My friend recently gave up her lone parents allowance and with that, her one parent family tax credit. She earns about 280 per week at work, was getting 154.00 per week on lone parents her tax credits were as follows

Single Person 1650
paye 1650
opf credit 1650
total 4950
This was reduced by One parent family allowance 8000 per yr @ 20%= 1600
New total: 3350

So now shes signed off lone parents, and given back her tax credit for one parent family and her new tax credit certificate shows a SRCOP of 24,484 and Tax Credits of 1700. 

She only gave up the one parent tax credit on Dec 1st as she moved in with her partner that week...so her tax credit is being removed for the full year of 2011....and shes still getting a reduction for claiming opfa for the full year? She hasnt rang them yet, I said id post here to see what you guys say first. 
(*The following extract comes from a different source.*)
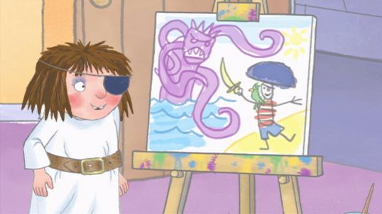 Mala kraljična se igra superjunakinjo in se ničesar ne boji! Ničesar, razen nevihte. Ko grad zajame močna nevihta, se zateče v notranjost. Kmalu pa ugotovi, da je kuža obtičal v nevihti in da ga bo moral nekdo rešiti …

She works for a very small company, just herself and one other and she gets a net wage regardless of her taxes but her boss isnt happy its showing up as she owes him 1153.00!!


----------



## mandelbrot (9 Jan 2012)

Allegra said:


> Hi
> 
> My friend recently gave up her lone parents allowance and with that, her one parent family tax credit. She earns about 280 per week at work, was getting 154.00 per week on lone parents her tax credits were as follows
> 
> ...


 
That's terrible, and unfortunately, by the letter of the legislation she wouldn't be entitled to the tax credit for any part of the year. The legislation says that the relief (i.e. the one parent family tax credit) does not apply _"in any year of assessment... in the case of a man and woman living together as man and wife"_, so you only have to live with a partner for any part of a tax year to invalidate your entitlement to the credit. This is a classic example of someone getting screwed by the system for doing things right, when half the country probably get away with it... 

I understand that what would normally happen in that situation is that the tax office would send out a "Week 1 / Month 1" tax credit cert to the employer up to the end of the year, so as not to give rise to the type of underpayment situation you describe. Then, if/when a review is carried out, an underpayment can be collected by way of adjusting the tax credits for subsequent year(s).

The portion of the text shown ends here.